• _Problem description_
Copy each line, word for word, from the one with "Double glazing to" through the final line of the listing, but skip the pictures.

• _Information provided_
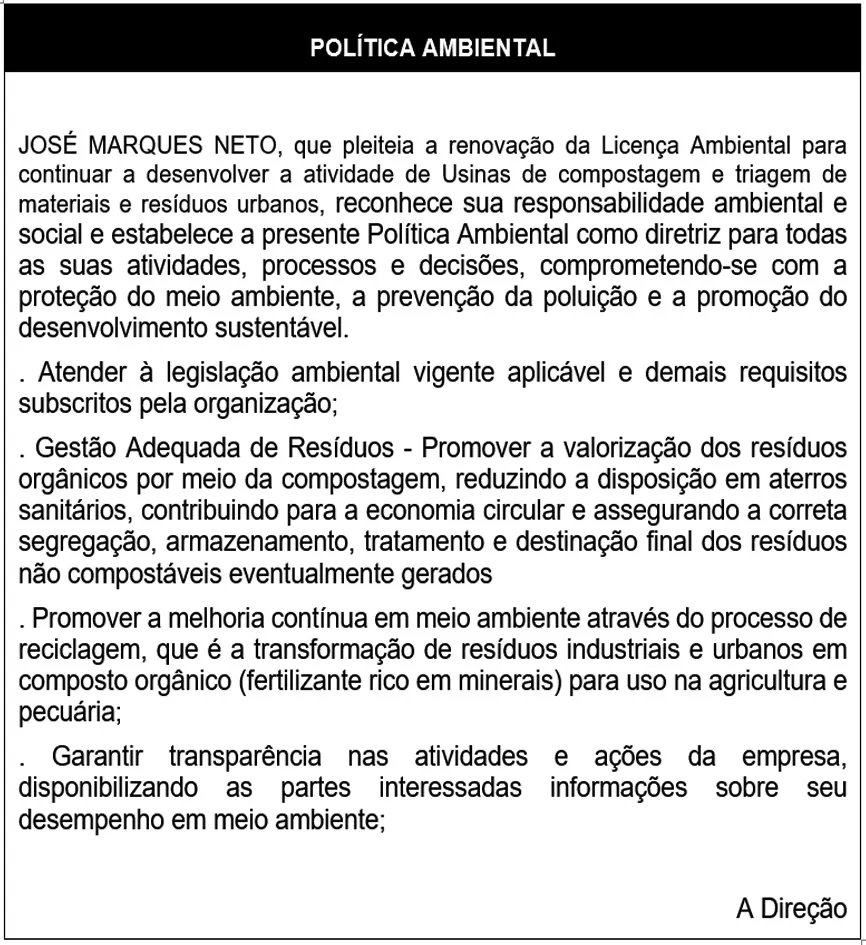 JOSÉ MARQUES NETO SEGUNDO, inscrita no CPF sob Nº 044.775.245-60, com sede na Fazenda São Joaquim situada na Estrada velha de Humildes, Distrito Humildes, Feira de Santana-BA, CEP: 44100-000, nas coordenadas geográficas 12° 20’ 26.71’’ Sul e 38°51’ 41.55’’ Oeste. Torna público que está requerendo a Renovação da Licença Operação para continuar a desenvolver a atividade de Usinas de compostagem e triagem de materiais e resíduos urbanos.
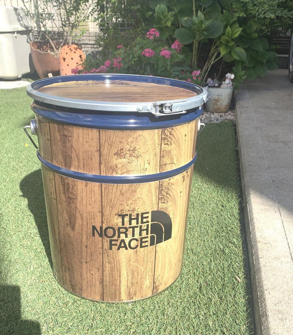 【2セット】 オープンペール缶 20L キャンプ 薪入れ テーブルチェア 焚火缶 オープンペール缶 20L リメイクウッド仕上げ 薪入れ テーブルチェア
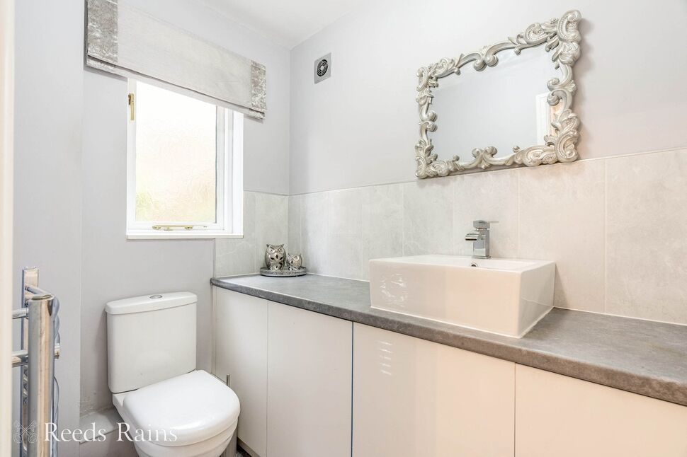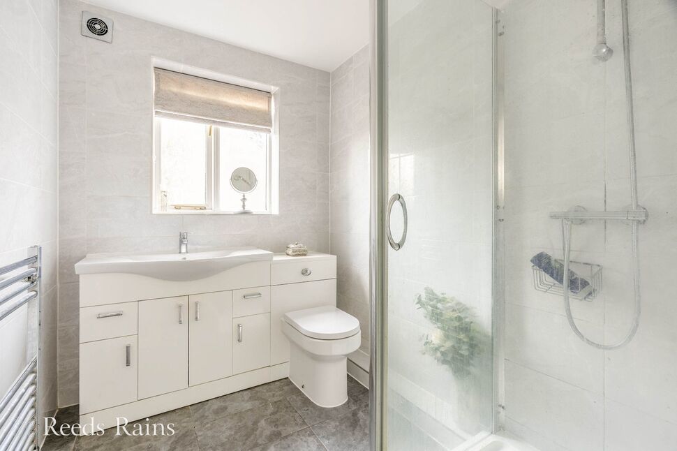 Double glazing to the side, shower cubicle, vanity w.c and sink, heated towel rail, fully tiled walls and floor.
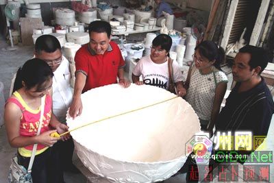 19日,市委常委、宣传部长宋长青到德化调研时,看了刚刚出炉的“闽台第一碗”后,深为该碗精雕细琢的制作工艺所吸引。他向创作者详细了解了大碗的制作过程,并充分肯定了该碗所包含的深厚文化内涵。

• _Solution for this task_
 Double glazing to the side, shower cubicle, vanity w.c and sink, heated towel rail, fully tiled walls and floor.
 19日,市委常委、宣传部长宋长青到德化调研时,看了刚刚出炉的“闽台第一碗”后,深为该碗精雕细琢的制作工艺所吸引。他向创作者详细了解了大碗的制作过程,并充分肯定了该碗所包含的深厚文化内涵。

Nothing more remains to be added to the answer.